The NervesHubCLI is included as a dependency of nerves_hub. Since nerves_hub is only a target dependency, you can only run nerves_hub mix tasks when the target is set. To make it always available, add nerves_hub_cli to all deps:

  defp deps do
    [
      {:nerves, "~> 1.3", runtime: false},
      {:nerves_hub_cli, "~> 0.1", runtime: false},
      {:shoehorn, "~> 0.3"}
    ] ++ deps(@target)
  end

Using the NervesHubCLI requires that you first create a NervesHub account and create your user certificates. You can register for a new account by running:

mix nerves_hub.user register

If you have an existing account, you can authenticate by running:

mix nerves_hub.user auth

Creating a NervesHub product

NervesHub products are a way of grouping devices running firmware that is created from your source mix project. NervesHub uses the :app name in your mix.exs for the project name. If you would like it to use a different name, add a :name field to your Mix.Project.config(). For example, NervesHub would use “My Example” instead of “example” for the following project.

  def project do
    [
      app: :example,
      name: "My Example"
    ]
  end

For the remainder of this document, we will be using the product name example.

You can create a new product on nerves hub by running:

mix nerves_hub.product create --name example

Creating NervesHub firmware signing keys

In order to publish and distribute firmware using NervesHub, your firmware needs to be signed. Firmware signing keys consist of a public / private key pair that that is generated on your computer. Only the public key is shared with NervesHub and is used to verify the origination of the signed firmware bundle. In this example we are going to create a test key, and instruct our app to trust it.

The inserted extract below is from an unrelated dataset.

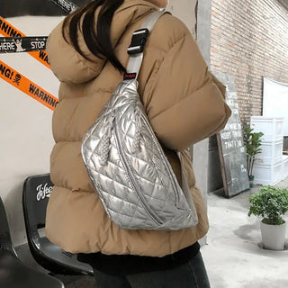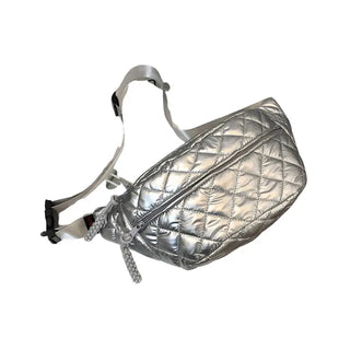 Sac banane à bandoulière chic en cuir argenté pour femme

First start by generating a new key pair.

mix nerves_hub.key create test

NervesHub needs to know which keys your application trusts. Key names are specified in your config.exs.

config :nerves_hub,
  public_keys: [:test]

You can have multiple key names specified in this list. When the nerves_hub dependency is compiled, it will replace the key names in this list with the local public key contents from the NervesHubCLI key storage. It is recommended to recompile nerves_hub after modifying this list.

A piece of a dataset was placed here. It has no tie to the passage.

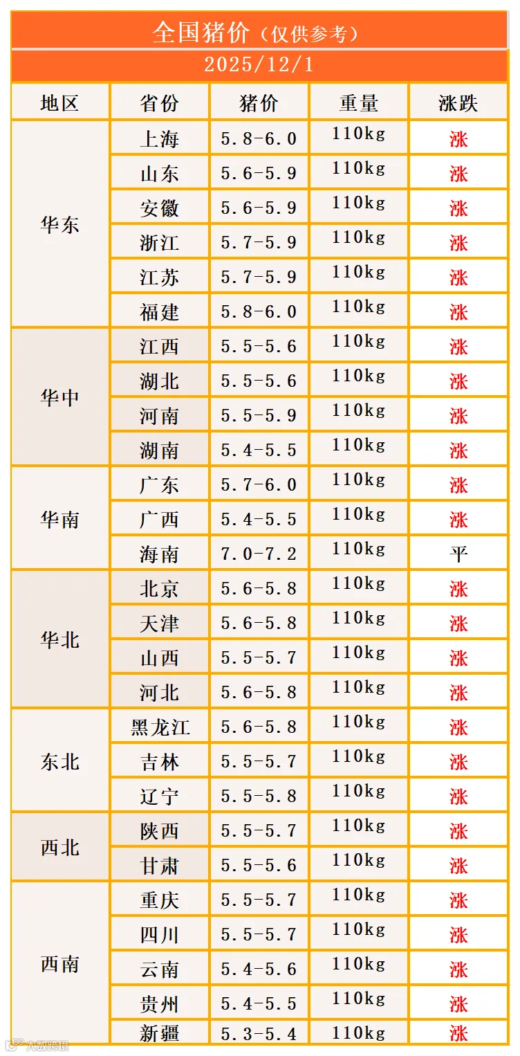 明日猪价2025年12月1日猪价信息

You can recompile nerves_hub by running:

mix deps.compile nerves_hub --force

Publishing firmware

Uploading firmware to NervesHub is called publishing. To publish firmware start by calling:

mix firmware

Firmware can only be published if has been signed. You can sign the firmware by running.

mix nerves_hub.firmware sign

Firmware can also be signed while publishing:

mix nerves_hub.firmware publish --key test

Initializing devices

In this example we will create a device with a hardware identifier 1234. The device will also be tagged with qa so we can target it in our deployment group. We will select y when asked if we would like to generate device certificates. Device certificates are required for a device to establish a connection with the NervesHub server.

$ mix nerves_hub.device create

NervesHub org: nerveshub
identifier: 1234
description: test-1234
tags: qa
Local user password:
Device 1234 created
Would you like to generate certificates? [Yn] y
Creating certificate for 1234
Finished

It is important to note that device certificate private keys are generated and stay on your host computer. A certificate signing request is sent to the server, and a signed public key is passed back. Generated certificates will be placed in a folder titled nerves-hub in the current working directory. You can specify a different location by passing --path /path/to/certs to NervesHubCLI mix commands.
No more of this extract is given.